One of the central challenges of clinical cancer research is prediction of outcome, i.e., of the potential for relapse and for metastasis. Identification of aggressive tumors at the time of diagnosis has direct bearing on the choice of optimal therapy for each individual. The need for sensitive and reliable predictors of outcome is most acute for early discovery breast cancer patients. Adjuvant chemotherapy is recognized to be useless for ≈75% of this group (1); it is believed that after surgery a large majority of these patients would remain disease free without any treatment. Nevertheless, they are often submitted to the same therapeutic regimen as the small fraction of those who really need chemotherapy and benefit from it.
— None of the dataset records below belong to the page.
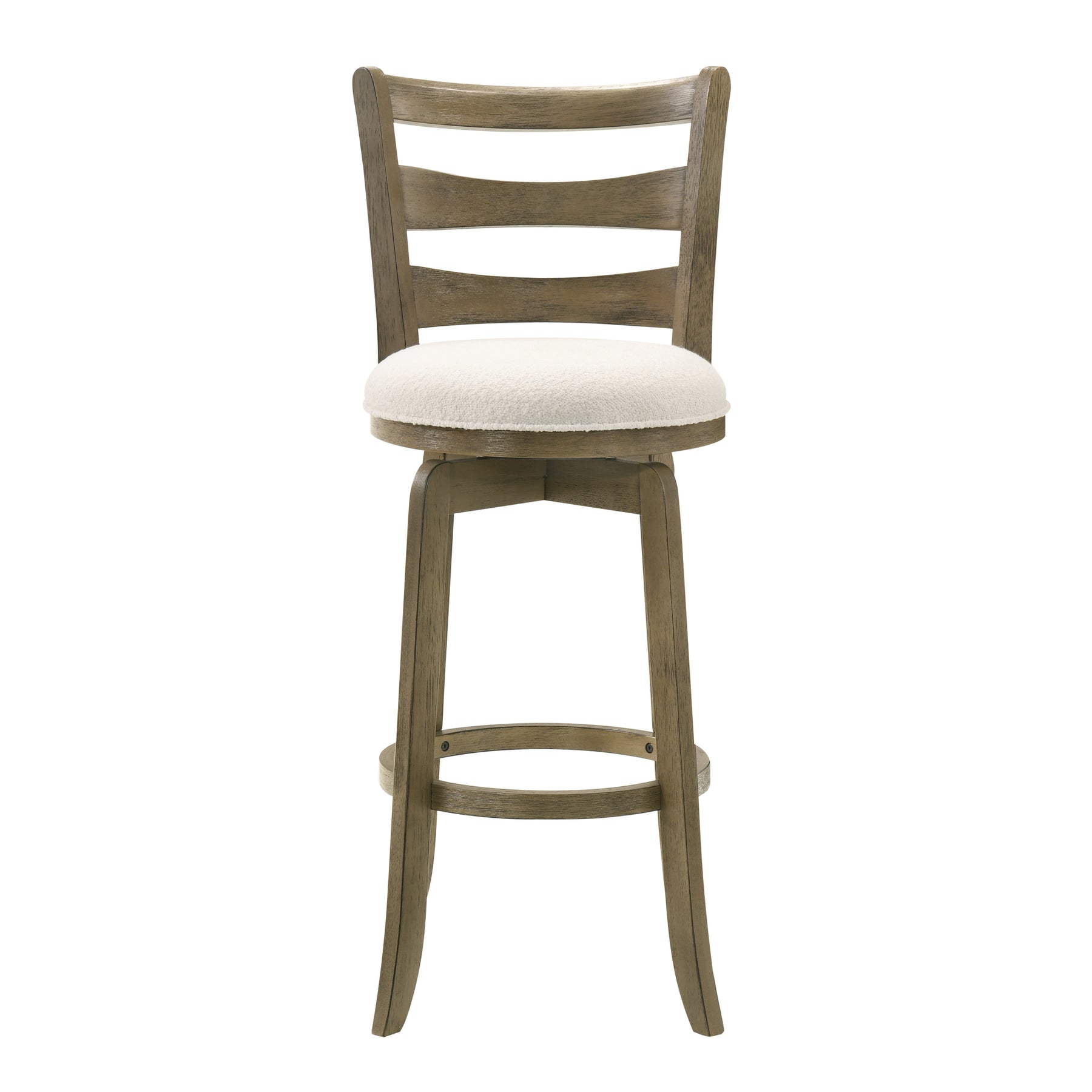The Melindra Barstool Collection blends traditional charm with modern versatility, creating an inviting piece that suits both casual and formal spaces. Featuring a graceful ladder-back design, this stool delivers a warm, timeless aesthetic enhanced by soft curves and a balanced silhouette. Its solid natural wood frame, finished in either Amber Glow or Putty Brown, provides natural character and stability that stand the test of time. Paired with the plush white boucle performance fabric, Melindra brings both comfort and texture to your kitchen island, bar, or dining counter. Designed for functional elegance, Melindra is equipped with a 360-degree swivel seat that allows effortless movement and interaction from any angle. The smooth swivel mechanism makes it ideal for entertaining, dining, or everyday conversation, offering flexibility without compromising balance. The padded round seat and supportive ladder-style backrest deliver a comfortable seating experience, while the built-in circular footrest ensures ergonomic support for extended sitting. Every detail of the Melindra stool speaks to quality and craftsmanship , from the rounded seat base to the gently flared legs that enhance both visual appeal and stability. The performance boucle fabric not only offers a sophisticated look but also resists stains, moisture, and fading, making it perfect for busy households. Its low-sheen finish highlights the beauty of the wood while preserving a contemporary edge. Available in two heights , counter and bar, Melindra adapts easily to different interior layouts. Whether you re outfitting a cozy breakfast nook or an elevated home bar, this stool s classic design and smooth swivel functionality bring comfort and convenience to every setting. Combining style, durability, and ease of use, Melindra transforms everyday seating into an elegant experience.
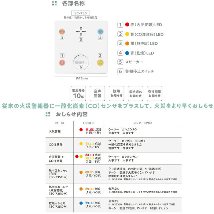 国内でトップ級のガス警報器のシェアを持つ新コスモス電機から2022年にリリースされた日本製チェッカーです。一酸化炭素だけでなく煙センサによる火災検出や、熱中症・乾燥の注意喚起も行います。10年感使用できる専用のリチウム電池が付属して価格も7000円以下と比較的安価です。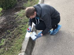 Продолжилось участие студентов дорожного отделения в волонтерской акции Накануне главного христианского праздника Пасхи 10 апреля 2017 года студенты дорожного отделения из группы СД-1-16 под руководством преподавателя А.Н.Зотиной вновь стали участниками волонтерской акции по благоустройству территории православного храма Новомучеников и Исповедников Церкви русской. Ребята получили задание - покрасить бордюры на прихрамовой территории. Эта работа требует аккуратности, терпения, а также соблюдения технологии. Самыми лучшими малярами оказались Александра Гуня, Влад Путров, Артем Копытов, Артем Харин и Корольков Валера и Польшин Егор. Работа была выполнена качественно и быстро. В благодарность от настоятеля храма иерея Валерия Рябоконь волонтеры получили сладкие подарки: печенье и конфеты.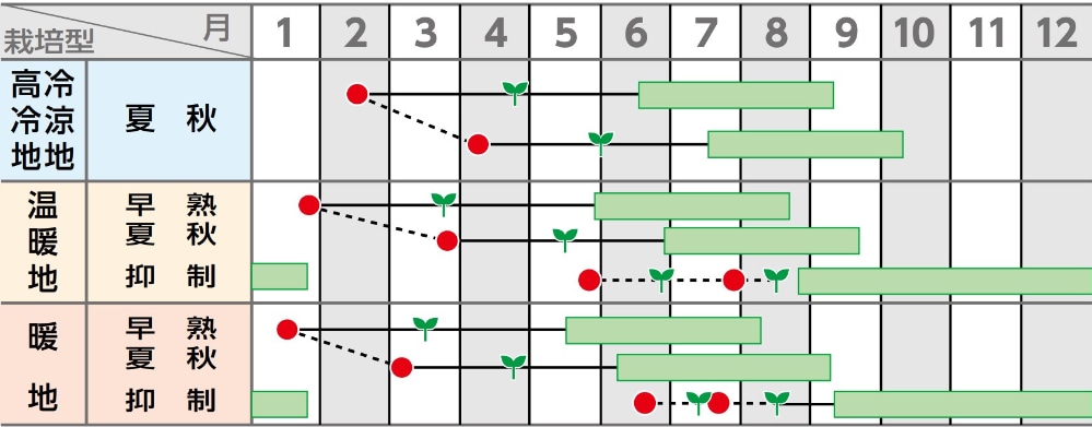 病気に強く、収穫した果実の日持ちもよい品種。食味はとてもよく、裂果も少ないのでぜひ真っ赤に熟してから食べてみてください。草勢はややおとなしめですが、長く収穫できるスタミナタイプです。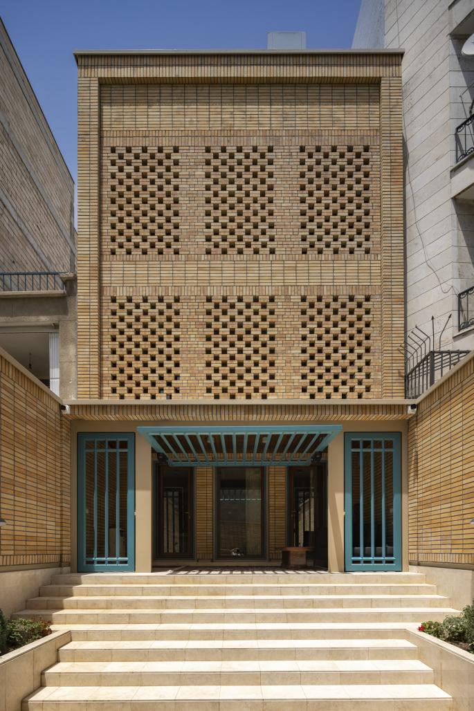 and to solve it, Fakhromadin brickwork was used in front of the terraces of the floors to control both the light from the south and the view of the neighbors and the space of the terraces according to the functions behind it, i.e. the kitchen and rooms for the family. can be used The eyvan of the yard was placed deep so that the presence of the family would be possible in it, away from the eyes of the neighbors, so that the family could spend more time in it during the day. The walls of the yard were reconstructed and executed higher to control the view of the neighbors. Another point that was taken into consideration in the design was that each space should include an opening with its design, and for example, the diversity of the northern openings indicates the difference in the spaces associated with them. The openings of the first floor are related to the hall section of the residential unit and the openings of the second floor are related to the janitor›s section.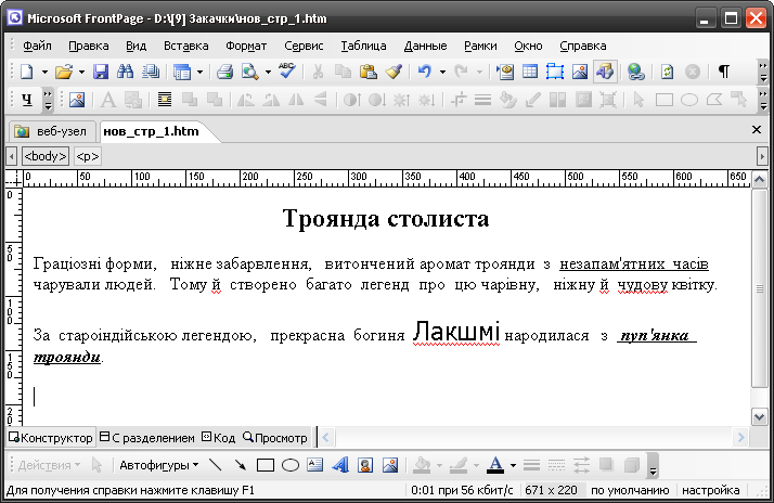 Введіть наведений нижче текст у вікно веб-сторінки в режимі Конструктор (Конструктор) (рис. 7),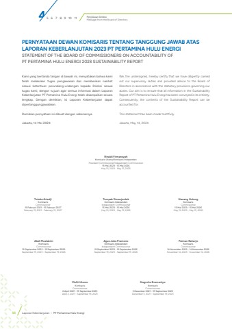 Penjelasan DireksiMessage from the Board of DirectorsPERNYATAAN DEWAN KOMISARIS TENTANG TANGGUNG JAWAB ATAS LAPORAN KEBERLANJUTAN 2023 PT PERTAMINA HULU ENERGISTATEMENT OF THE BOARD OF COMMISSIONERS ON ACCOUNTABILITY OF PT PERTAMINA HULU ENERGI 2023 SUSTAINABILITY REPORTKami yang bertanda tangan di bawah ini, menyatakan bahwa kami telah melakukan tugas pengawasan dan memberikan nasihat sesuai ketentuan perundang-undangan kepada Direksi sesuai tugas kami, dengan tujuan agar semua informasi dalam Laporan Keberlanjutan PT Pertamina Hulu Energi telah disampaikan secara lengkap. Dengan demikian, isi Laporan Keberlanjutan dapat dipertanggungjawabkan. Demikian pernyataan ini dibuat dengan sebenarnya. Jakarta, 14 Mei 2024We, the undersigned, hereby certify that we have diligently carried out our supervisory duties and provided advice to the Board of Directors in accordance with the statutory provisions governing our duties. Our aim is to ensure that all information in the Sustainability Report of PT Pertamina Hulu Energi has been conveyed in its entirety. Consequently, the contents of the Sustainability Report can be accounted for.This statement has been made truthfully. Jakarta, May 14, 2024Rinaldi FirmansyahKomisaris Utama/Komisaris IndependenPresident Commissioner/Independent Commissioner15 Mei 2023 - 15 Mei 2026May 15, 2023 - May 15, 2026Mufti UtomoKomisarisCommissioner2 April 2021 - 19 September 2023April 2, 2021 - September 19, 2023Nugroho BramantyoKomisarisCommissioner3 Desember 2021 - 19 September 2023December 3, 2021 - September 19, 2023Tumpak SimanjuntakKomisaris IndependenIndependent Commissioner15 Mei 2023 - 15 Mei 2026May 15, 2023 - May 15, 2026Tutuka AriadjiKomisarisCommissioner15 Februari 2021 - 15 Februari 2027February 15, 2021 - February 15, 2027Agus Joko PramonoKomisaris IndependenIndependent Commissioner19 September 2023 - 19 September 2026September 19, 2023 - September 19, 2026Paiman RaharjoKomisarisCommissioner14 November 2023 - 14 November 2026November 14, 2023 - November 14, 2026Nanang UntungKomisarisCommissioner15 Mei 2023 - 15 Mei 2026May 15, 2023 - May 15, 2026Abdi MustakimKomisarisCommissioner19 September 2023 - 19 September 2026September 19, 2023 - September 19, 202645 6 7 8 9 10 1156 Laporan Keberlanjutan %u2022 PT Pertamina Hulu Energi

Considerable effort has been devoted recently to outcome prediction for several kinds of cancer on the basis of gene expression profiling (2–8), with special emphasis on breast carcinoma (9–13). Several of these studies reported considerable predictive success. These successes were, however, somewhat thwarted by two problems: (*i*) when one group’s predictor was tested (G. Fuks, L.E.-D., and E.D., unpublished data) on another group’s data (for the same type of cancer patients), the success rate decreased significantly; and (*ii*) comparison of the predictive gene lists (PGLs) discovered by different groups revealed very small overlap. These problems indicate that the currently used PGLs suffer from instability of their membership and of their predictive performance. These statements are well illustrated by two prominent studies of survival prediction in breast cancer. Wang *et al.* (11), using the Affymetrix technology, analyzed expression data obtained for a cohort of 286 patients with early discovery. They identified and reported a PGL of 76 genes. van’t Veer *et al.* (9) used Rosetta microarrays to study 96 patients and produced their own list of 70 genes, which were subsequently tested successfully on a larger cohort of 295 patients (10). Each group achieved, using its own genes on its own samples, good prediction performance. However, the overlap between the two lists was disappointingly small: only three genes appeared on both!^{§}
Furthermore, the discriminatory power of the two classifiers, as found on their own data sets, was not reproduced when testing them on the samples of the other study (G. Fuks, L.E.-D., and E.D., unpublished data).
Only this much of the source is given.